Representative EPDs used for this study. (A) SpiderFX 6-mm system (Medtronic) for filter protection. (B) Carotid GUARDWIRE (Medtronic) for balloon protection. (C) 9Fr OPTIMO EPD (Tokai Medical Products) as the balloon guiding catheter.

In this preliminary report, we evaluated the safety and feasibility of these protection methods and comment on the incidence of postprocedural lesions seen with diffusion-weighted imaging (DWI).

Materials and Methods

The study protocol was approved by the institutional review board of the Kokura Memorial Hospital Research Ethics Committee (Approval number: 20091401), and a waiver of consent was sought and obtained for this cohort study with no unique patient identifiers.

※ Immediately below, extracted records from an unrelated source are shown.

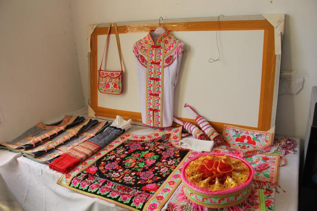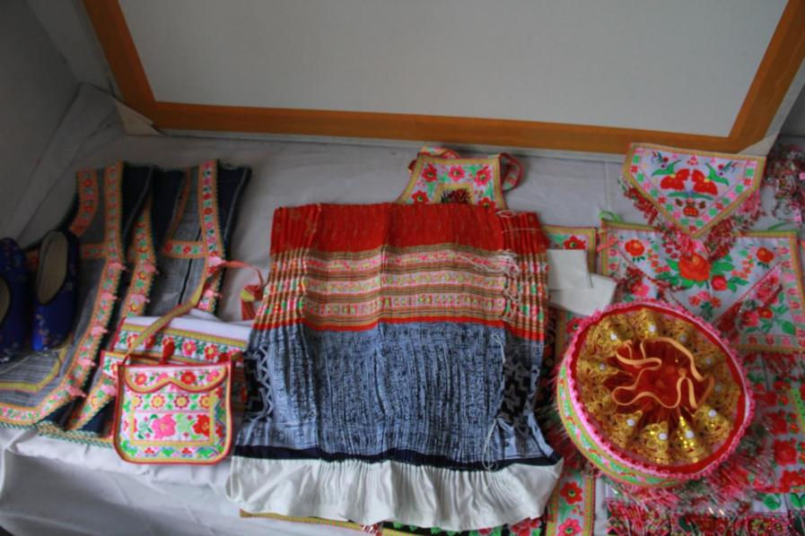 图为綦江苗绣代表性传承人熊兴树绣制的苗族嫁衣和头饰等。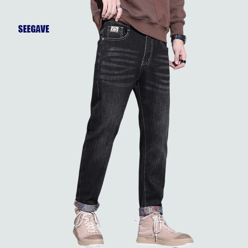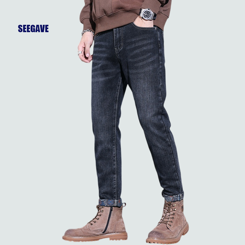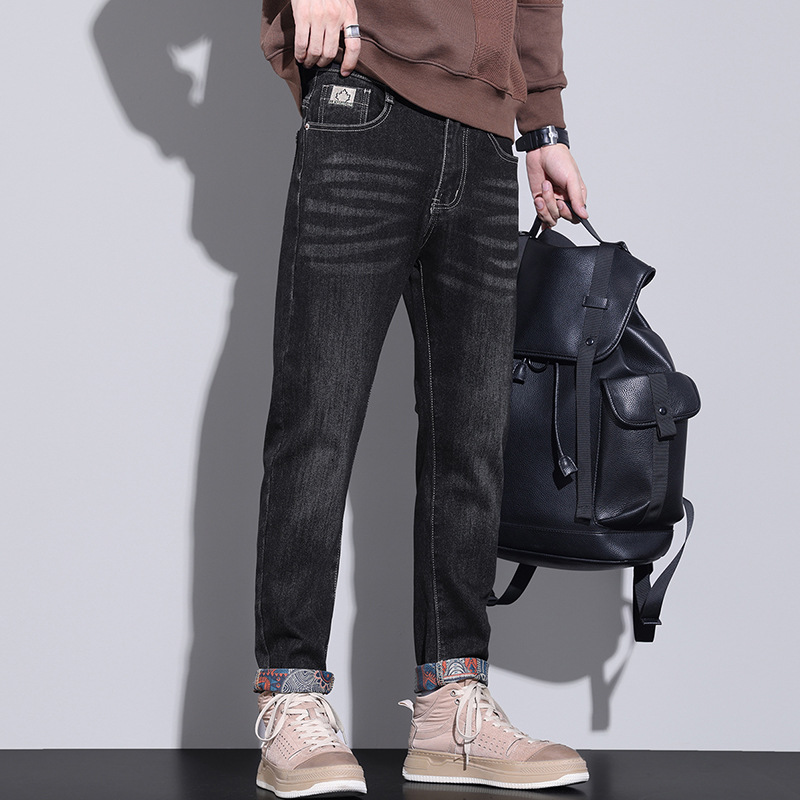 秋季牛仔裤男士抓绒弹力修身小脚休闲新款秋冬季男款加绒裤子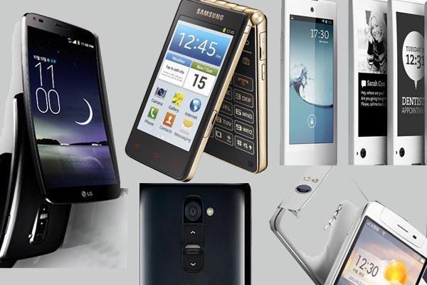 6- LG G Flex : هاتف ذكي من شركة ال جي بشاشة منحنية الأطراف بشكل عمودي من الاعلى الى الاسفل بعكس الجالاكسي راوند من سامسونج المنحني من اليمين الى اليسار، ما يميز الهاتف هي امكانية اصلاح نفسه بنفسه حيث يملك غطاء خلفي يمكنه أصلاح نفسه بعد عدة دقائق من ظهور الخدش وازرار التحكم من الجهة الخلفية من بحث يمكن التحكم بها من خلال السبابة.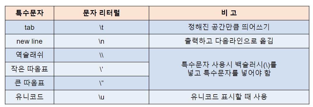 // escape(이스케이프 == 탈출) 문자 : 일반 문자가 아닌 특수문자 표현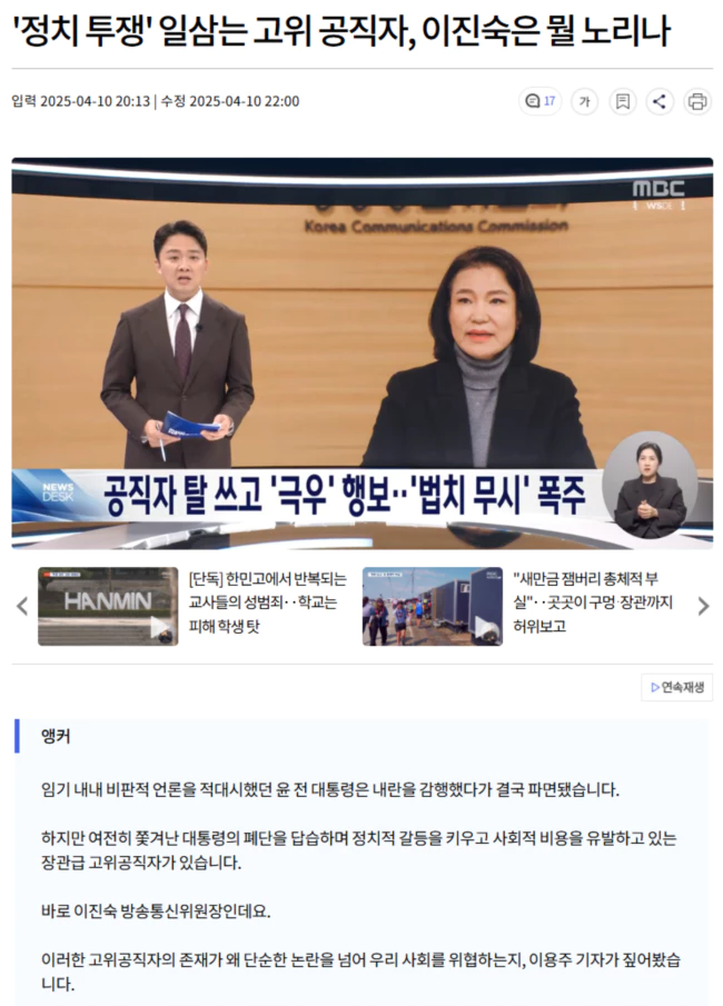 이진숙 위원장은 사법부도 안중에 없습니다.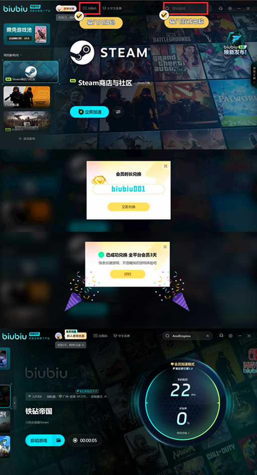 想要告別游戲延遲和卡頓?那就來試試biubiu加速器吧!現(xiàn)在只要注冊新賬號,就能輕松領(lǐng)到24小時的免費(fèi)加速時間,讓你的游戲更加流暢。而且還有更棒的福利,輸入兌換碼【biubiu001】,還能直接再拿到72小時的免費(fèi)加速!不僅新用戶可以享受,老玩家也能參與。更厲害的是,新用戶還可以將這兩個的加速時間疊加,輕松享受96小時的免費(fèi)福利,讓游戲體驗(yàn)更順暢,爽到飛起!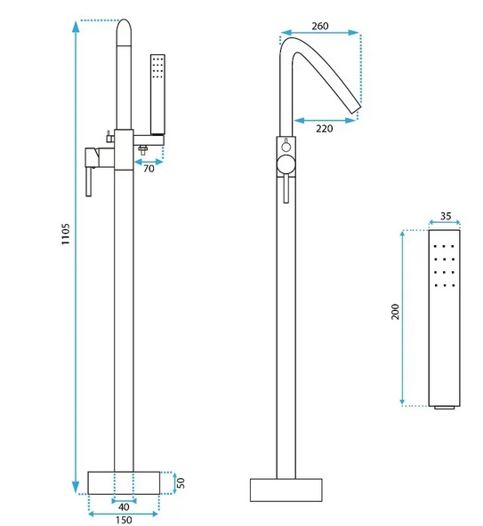 Змішувач для ванної кімнати Rea Aras підлоговий з душовим гарнітуром чорний REA-B2717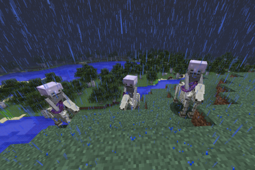 - 即使游戏规则MobSpawning设置为false,骷髅陷阱马依旧可以在雷暴中产生。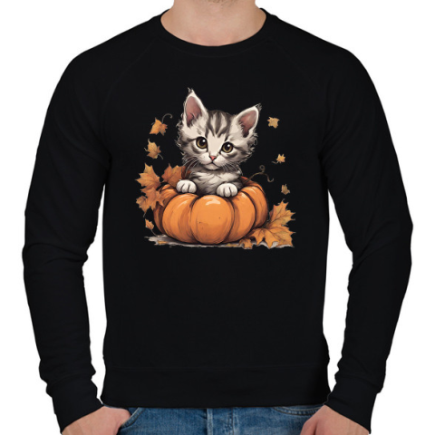 1 kép PRINTFASHION cica tökben - Férfi pulóver - Fekete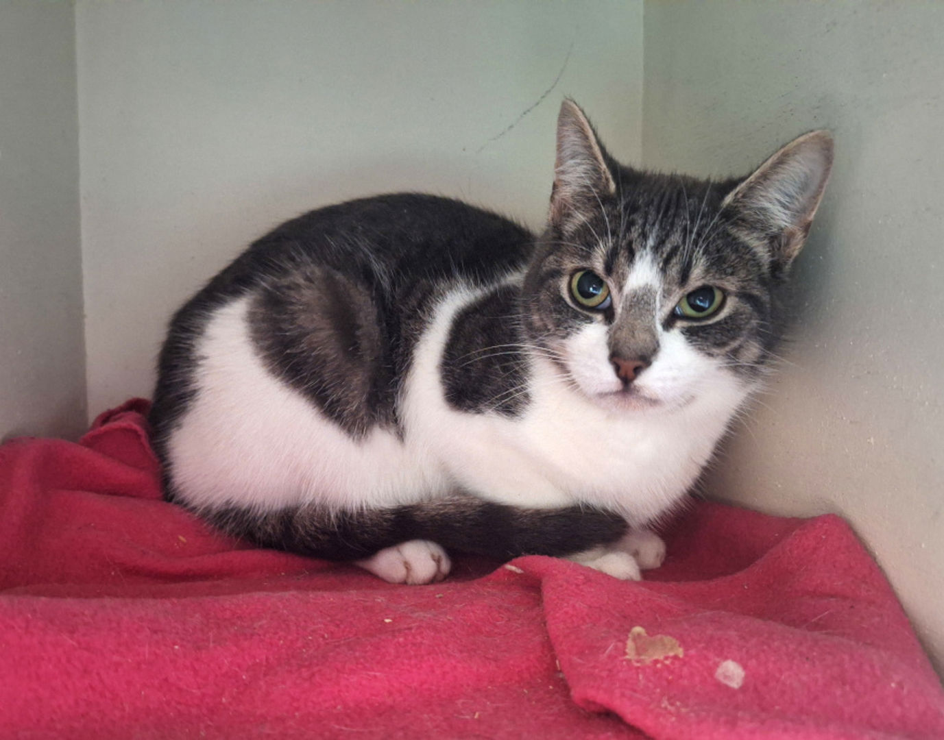 Luba is een jonge kater van vier maanden die het leven in de opvang nog wat spannend vindt. Hij komt van een boerderij, waar alles vertrouwd en overzichtelijk was. En dan zit je ineens in een opvang vol nieuwe geluiden, onbekende geuren en mensen die iets van je willen. Hij is nieuwsgierig, maar houdt soms toch liever wat afstand door hard te blazen. Niet omdat hij mensen niks vindt, maar omdat dit voor hem nu de veiligste manier is om met alles om te gaan. Hij vertelt ons eigenlijk: “Geef me even tijd.”

The Clinical Research Review Committee of Kokura Memorial Hospital meets the requirements of the Certified Clinical Research Review Committee established by the Ministry of Health, Labor and Welfare in Japan. Reporting as an observational study guarantees the right to refuse in an opt-out format.

Patient selection

We collected the results of cases that our protection method was necessary among patients undergoing TAVI from May to October 2019. All the patients in this study were selected by the heart team. We informed the patients that the cerebral embolism prevention procedure by using EPDs was off-label use and obtained their consent. The criteria for this protection were: the patients with artificial or bicuspid valve with severe calcification. The artificial valve is known to progress calcification faster and more severely than the native valve, and the bicuspid valve is reported to have a high risk for cerebral embolism.17) Before treatment, all cases were discussed at our stroke and heart team meeting. In all cases, preoperative head and neck MRA and thoracoabdominal CTA were performed to evaluate the aorta and head and neck arteries. The methods of protection were selected comprehensively based on the potential of collateralization of brain perfusion when some arteries were blocked with a balloon, accessibility of the brain arteries, and the ability to cover the brain artery with the protection devices.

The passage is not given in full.